The right hon. Member for New Forest East referred to our international commitments. One of our commitments is as a state party to the International Criminal Court and the treaties thereof. Article 29 of the Rome statute makes it clear that crimes that fall within the jurisdiction of the Court cannot be subject to a state-imposed statute of limitations. That is an absolute condition of the Rome statute. The right hon. Gentleman looks puzzled. I invite him to check that.
I pray in aid the hon. Member for North Down (Lady Hermon), who made a point about the role of the police. The role of the police and of the armed forces is very similar. George Hamilton, the outgoing chief constable of the PSNI, has made it clear that he does not believe in any form of statute of limitations. He said:
“There cannot be different rules for different citizens.”
That is a fundamental challenge. The Police Federation for Northern Ireland made the point that it would be an insult to police officers who were killed or injured on duty. This is the real point: in the end, we ask our armed forces to sign an oath to uphold the Queen and Her Majesty’s laws—except for the Royal Navy, ironically, as my hon. Friend the Member for Ealing North (Stephen Pound), who served in the Royal Navy, knows. We are talking not about the massive and overwhelming majority who serve faithfully in our armed forces, but about the small minority who transgress the law.

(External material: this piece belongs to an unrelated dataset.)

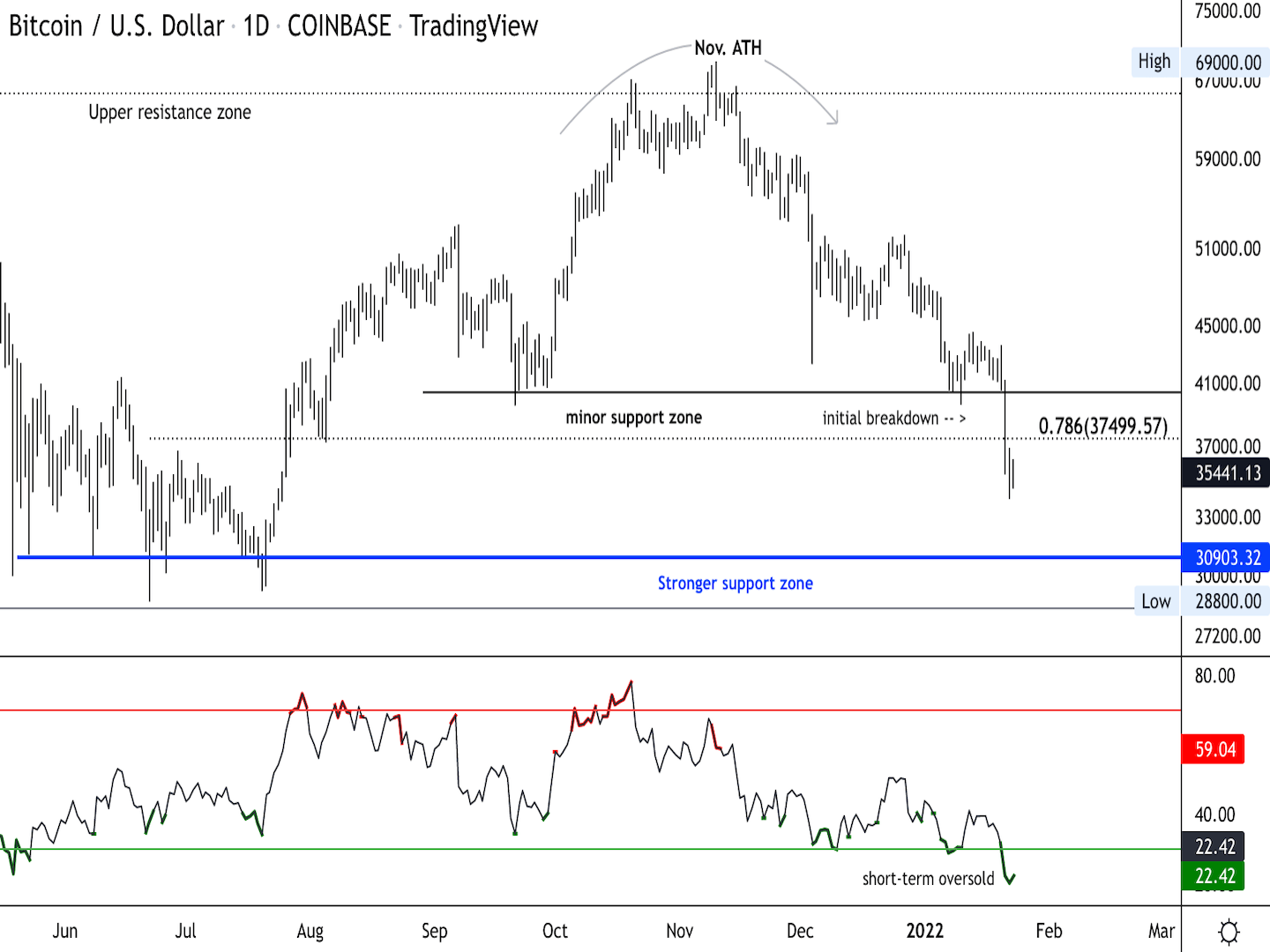 Intraday oversold signals were not enough to sustain bids, which means longer-term indicators are more reliable to determine bitcoin’s price direction.

The right hon. Member for Sevenoaks drew a distinction between terrorists and those who are lawfully armed, but those who are lawfully armed and misuse those arms do not deserve any protection. I say to the right hon. Gentleman and the right hon. Member for New Forest East that I am not minded to support their amendment, but we will continue to debate this.
The right hon. Member for Belfast North (Nigel Dodds) raised an interesting question about the definition of victims, but it is probably too difficult to debate the whole point today. When I have spoken to victims of terrorism—for example, those in organisations such as WAVE—they have made it clear to me that they want to move on. They believe that, after this amount of time, pragmatism says, “Let’s get on and ensure that those who have been denied those pensions now receive them.” I have a lot of sympathy for that view. They have waited a long time for some form of recognition.
On the armed forces covenant, I have considerable sympathy with the arguments made by the right hon. Member for Belfast North. We need to see what a report can bring forward and how far that can be of use without causing other problems.
I must refer to the important amendments in the name of the right hon. and learned Member for Beaconsfield (Mr Grieve), which go to the heart of our role as parliamentarians. Parliament can never abrogate its responsibilities and pass them to an Executive, or even to a new Prime Minister appointed by as many as 160,000 of our fellow citizens. That is unconscionable. We must insist that Parliament continues to sit.
The right hon. and learned Gentleman was right to say that nowhere would be as badly affected as Northern Ireland by a no-deal Brexit. I think he said that was “arguable”; it is actually unarguable. It would be catastrophic for security and the economy, and in its capacity to induce terrorism, as well as for the important question of identity. For many reasons, Northern Ireland needs us to prevent a crash-out Brexit. We had that debate yesterday, and I can think of few organisations in Northern Ireland that would disagree with the right hon. and learned Gentleman that we cannot afford a no-deal Brexit. The Northern Ireland national farmers union, the CBI, Manufacturing Northern Ireland and the Irish Congress of Trade Unions are all of the view that it would be disastrous. Parliament must be here to protect the people of Northern Ireland, to debate their future, and, in particular, to say that if this House of ours chooses to vote for a no-deal Brexit, it will have made a conscious choice. What we cannot allow is the House to be offered no choice at all, and the people of Northern Ireland to be held hostage to the ideologies of those who do not serve their interests.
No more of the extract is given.